_Available records_:
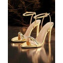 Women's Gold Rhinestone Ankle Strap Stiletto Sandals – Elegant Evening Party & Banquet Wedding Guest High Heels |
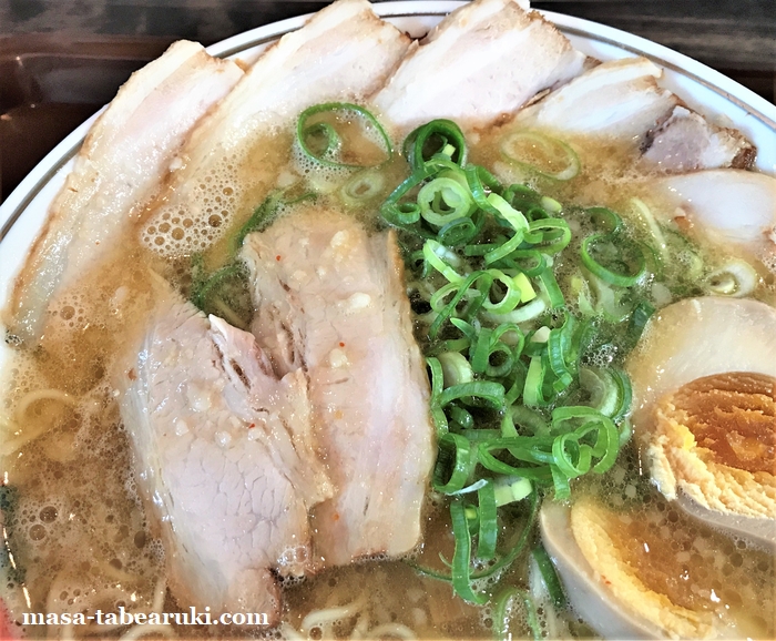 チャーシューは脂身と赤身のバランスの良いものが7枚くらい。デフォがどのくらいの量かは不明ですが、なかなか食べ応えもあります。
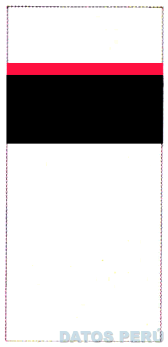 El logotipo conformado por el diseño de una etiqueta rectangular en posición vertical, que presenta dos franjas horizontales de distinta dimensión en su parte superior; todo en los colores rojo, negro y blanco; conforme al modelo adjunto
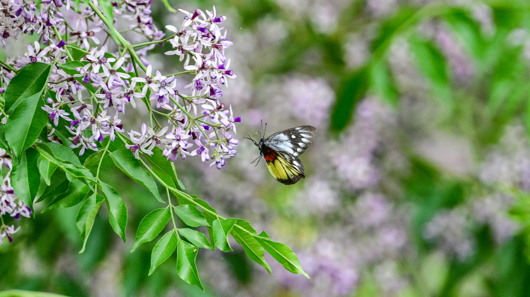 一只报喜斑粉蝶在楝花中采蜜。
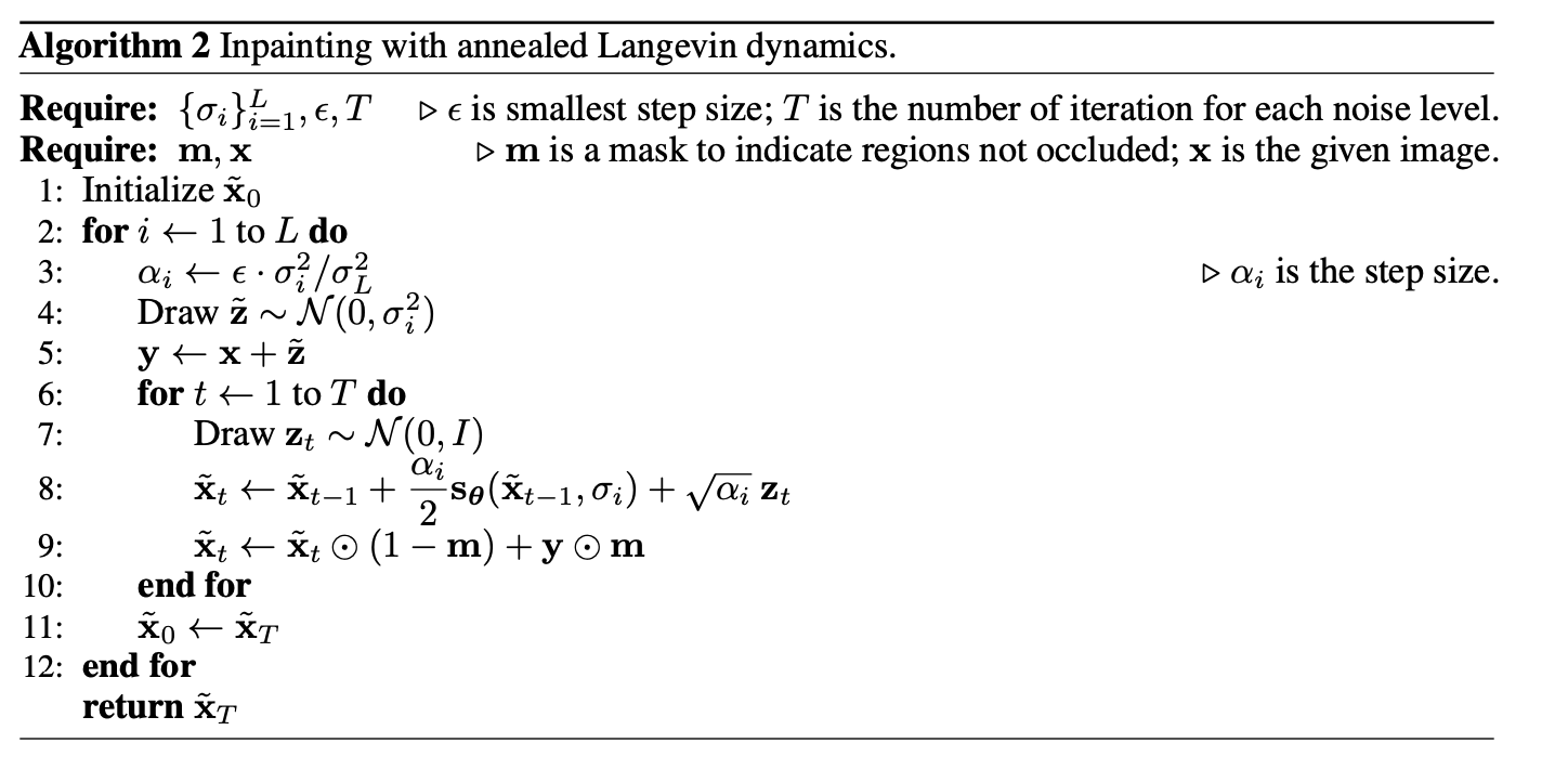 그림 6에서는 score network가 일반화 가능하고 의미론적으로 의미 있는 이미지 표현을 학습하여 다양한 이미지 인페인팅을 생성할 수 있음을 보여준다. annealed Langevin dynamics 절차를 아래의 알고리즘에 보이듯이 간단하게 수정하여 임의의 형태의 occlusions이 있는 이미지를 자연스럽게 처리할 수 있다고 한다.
...
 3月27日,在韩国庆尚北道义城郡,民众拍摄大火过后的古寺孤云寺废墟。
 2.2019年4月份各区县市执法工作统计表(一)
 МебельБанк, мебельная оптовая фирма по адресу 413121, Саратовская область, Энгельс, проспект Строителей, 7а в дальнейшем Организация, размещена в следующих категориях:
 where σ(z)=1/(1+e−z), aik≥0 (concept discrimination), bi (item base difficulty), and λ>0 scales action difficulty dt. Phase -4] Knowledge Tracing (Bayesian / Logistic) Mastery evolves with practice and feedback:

_Assigned task_: Please reproduce exactly the lines in the listing above from the one containing "2.2019年4月份各区县市执法工作统计表(一)" through the one containing "where σ(z)=1/(1+e−z), aik≥0", both included, and nothing more.

_Solution to this exercise_:
 2.2019年4月份各区县市执法工作统计表(一)
 МебельБанк, мебельная оптовая фирма по адресу 413121, Саратовская область, Энгельс, проспект Строителей, 7а в дальнейшем Организация, размещена в следующих категориях:
 where σ(z)=1/(1+e−z), aik≥0 (concept discrimination), bi (item base difficulty), and λ>0 scales action difficulty dt. Phase -4] Knowledge Tracing (Bayesian / Logistic) Mastery evolves with practice and feedback:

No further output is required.